Task description: In this exercise, copy exactly the lines from the one that contains "Our Ytaparica coat, made" through the end of the entries below; pictures are not copied.

Material for this exercise:
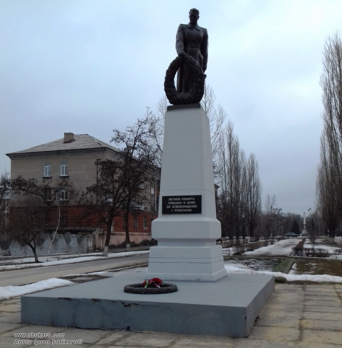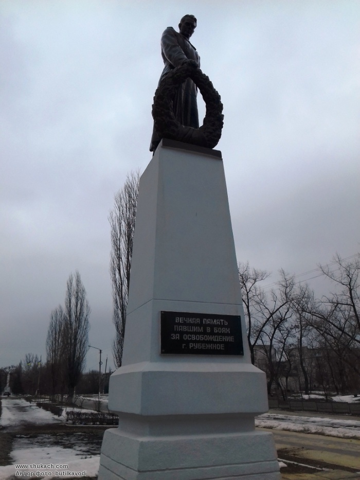 На пр-ті Переможців, біля Краєзнавчого музея розташована братська могила радяських вояків. У братській могилі поховані воїни 1 гвардійської армії, що загинули в боях за місто Рубіжне та від ран у 1942-1943 рр. Імена 37 відомі. Пам'ятник являє собою постамент, на якому залізобетонна скульптура воїна у повний зріст, його права рука притримує вінок, що стоїть біля ніг. На майданчику перед пам'ятником вічний вогонь. На могилі 8 плит. Виготовлений на Луганському художньо-виробничому комбінаті. Встановлений у 1957 р. Джерело.
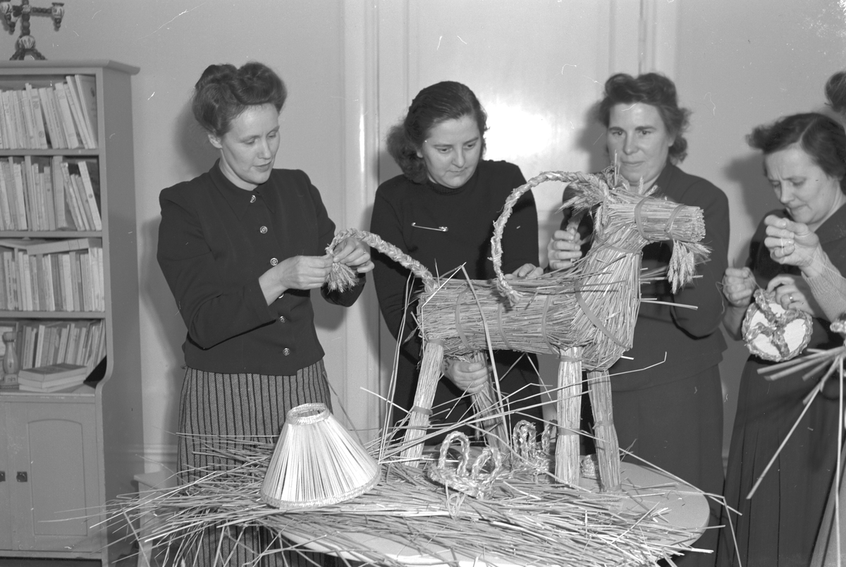 Hemgårdens halmkurs i tillverkning av julprydnader. 12 december 1948. Reportage för Arbetarbladet.
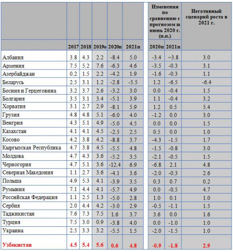 При условии, что карантин не будет введен повторно по всей стране, рост ВВП Узбекистана прогнозируется на уровне от 4,8% до 5,0% в 2021 г.
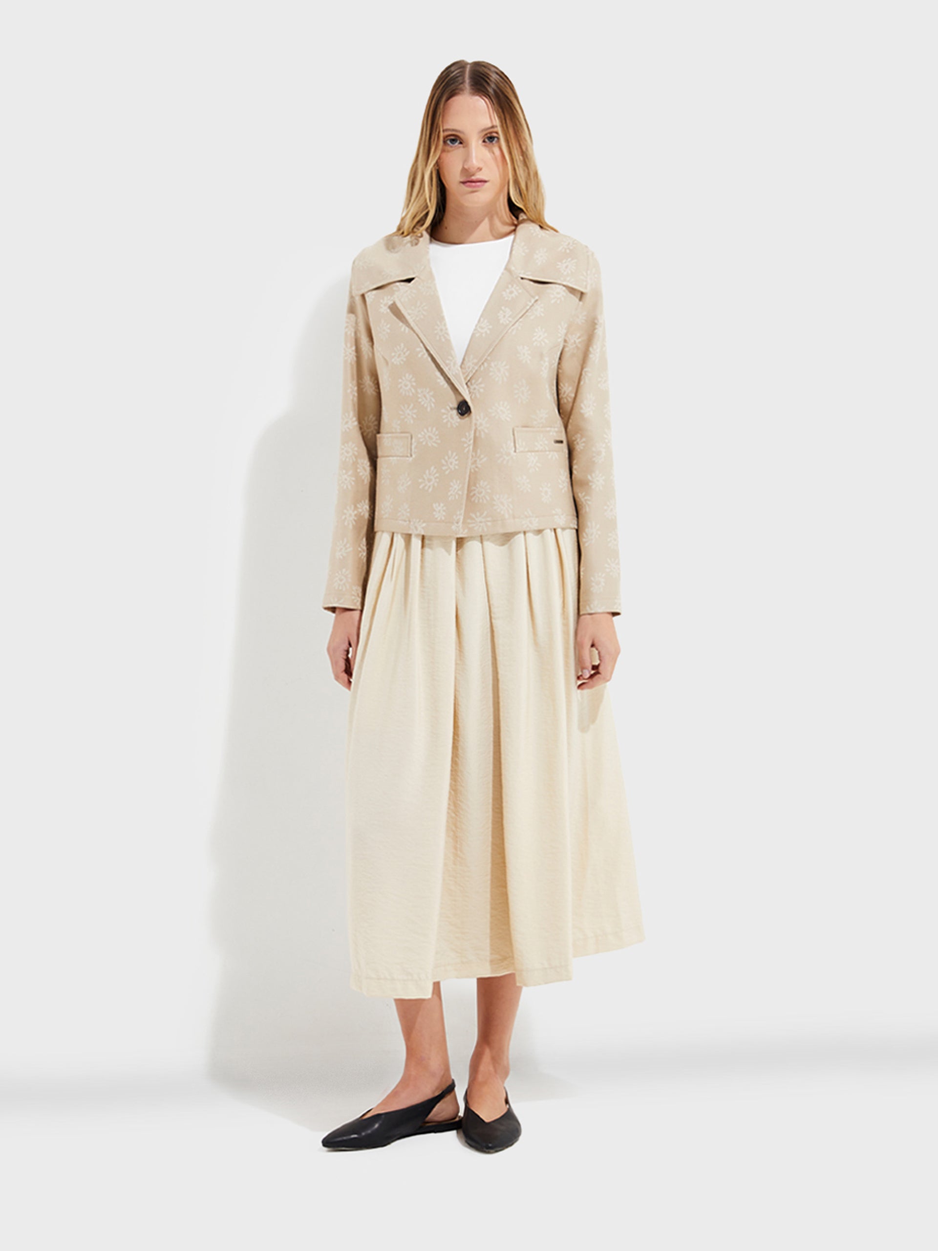 Our Ytaparica coat, made of bamboo, baby alpaca and silk, is a garment that combines perfectly with any outfit. Its classic cut and elegant flower details make it a unique item. The wide collar extending to the shoulders, with lapel, adds a sophisticated touch. | Predominant material: Bamboo
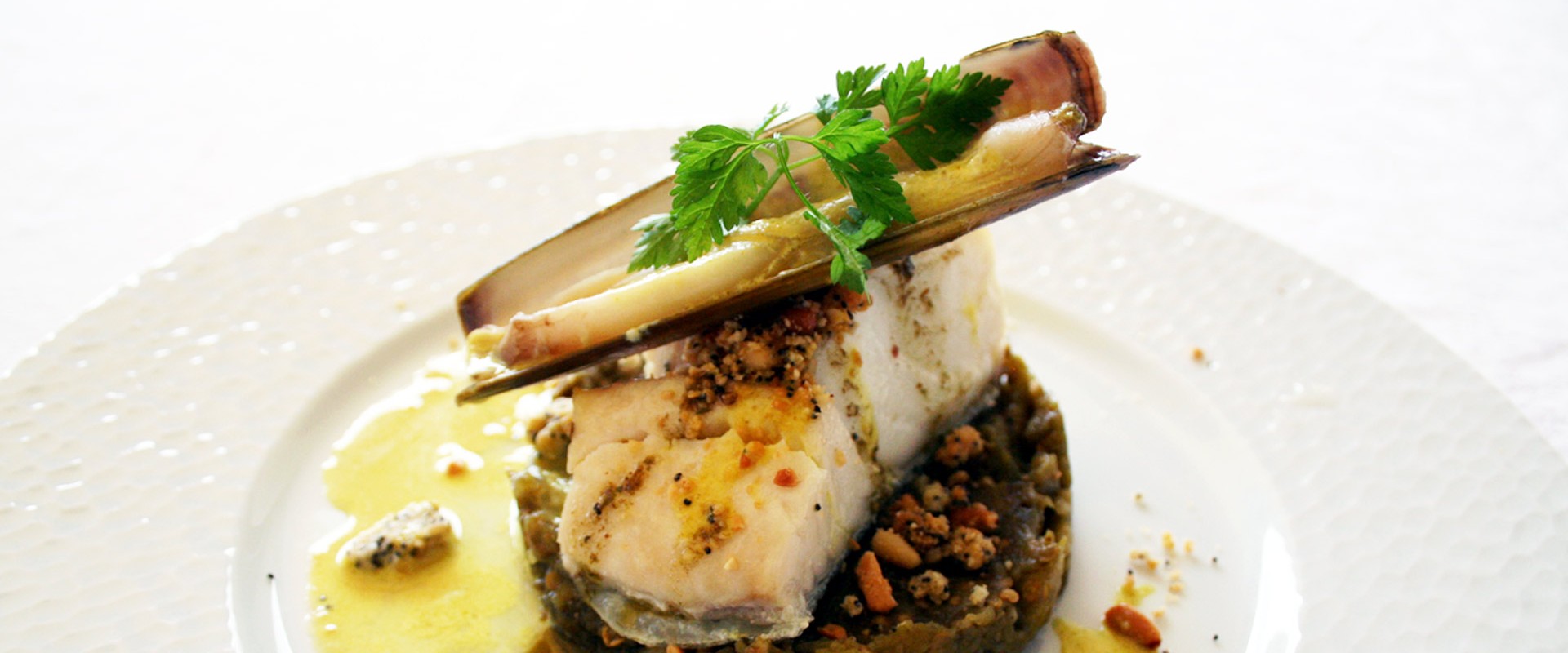 Le pavé de Merlu sauvage rôti aux sésames, risotto crémeux au fenouil, jus coquillages safran | 23,50 €
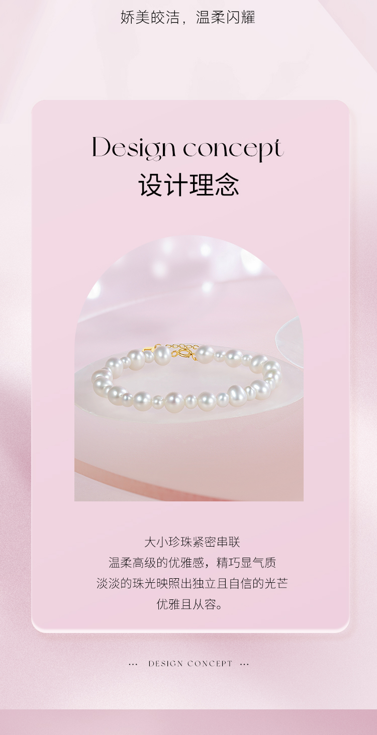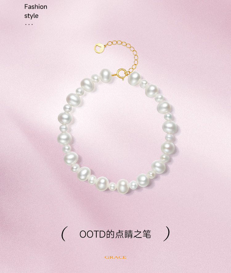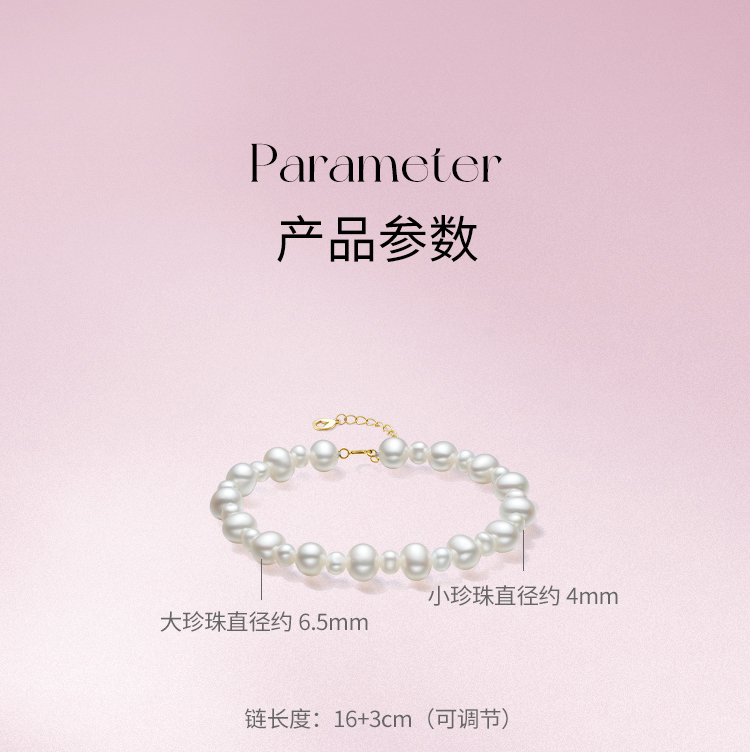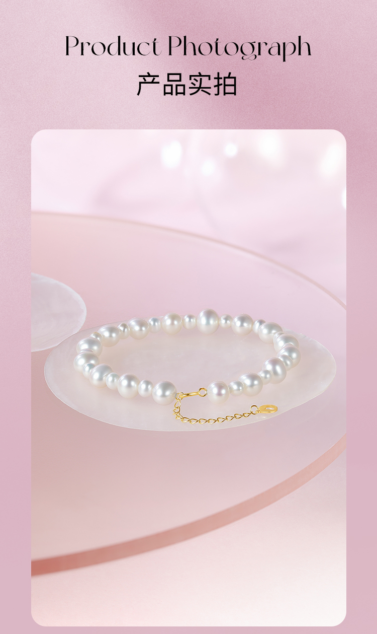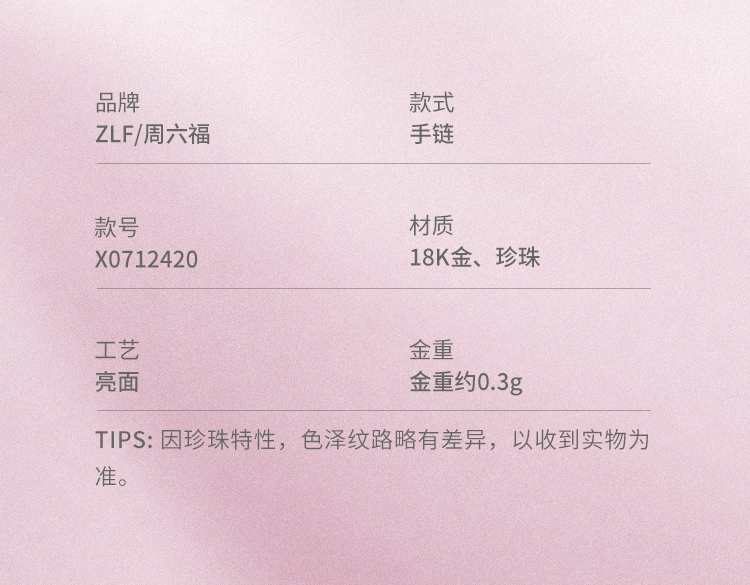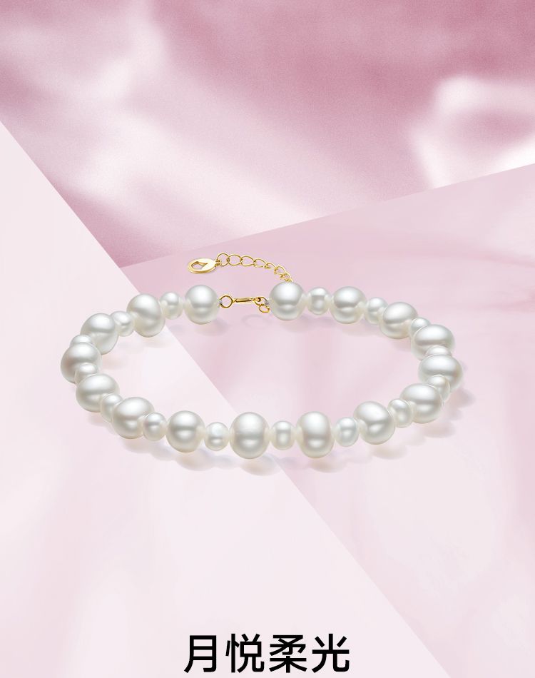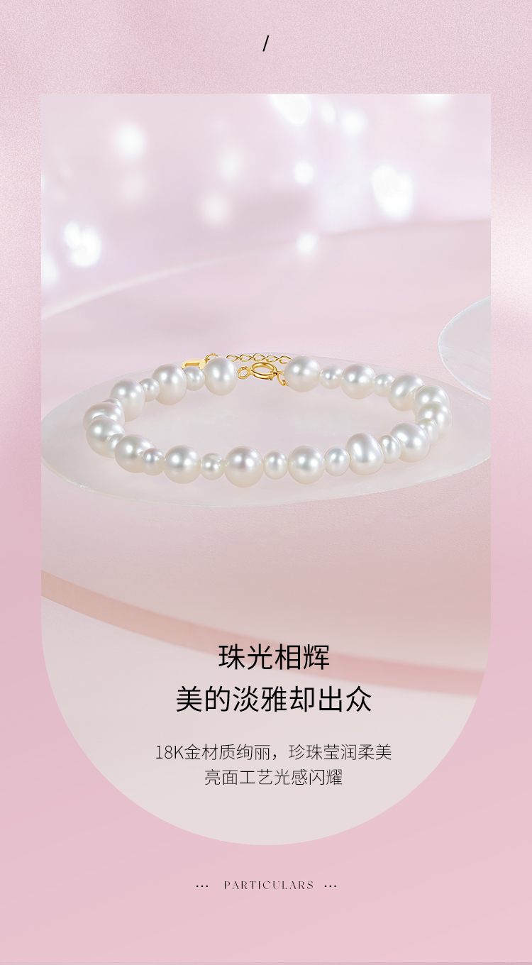 周六福黄18K金珍珠手链月悦柔光优雅时尚淡水珍珠手饰送女友官方

Result for this exercise:
 Our Ytaparica coat, made of bamboo, baby alpaca and silk, is a garment that combines perfectly with any outfit. Its classic cut and elegant flower details make it a unique item. The wide collar extending to the shoulders, with lapel, adds a sophisticated touch. | Predominant material: Bamboo
 Le pavé de Merlu sauvage rôti aux sésames, risotto crémeux au fenouil, jus coquillages safran | 23,50 €
 周六福黄18K金珍珠手链月悦柔光优雅时尚淡水珍珠手饰送女友官方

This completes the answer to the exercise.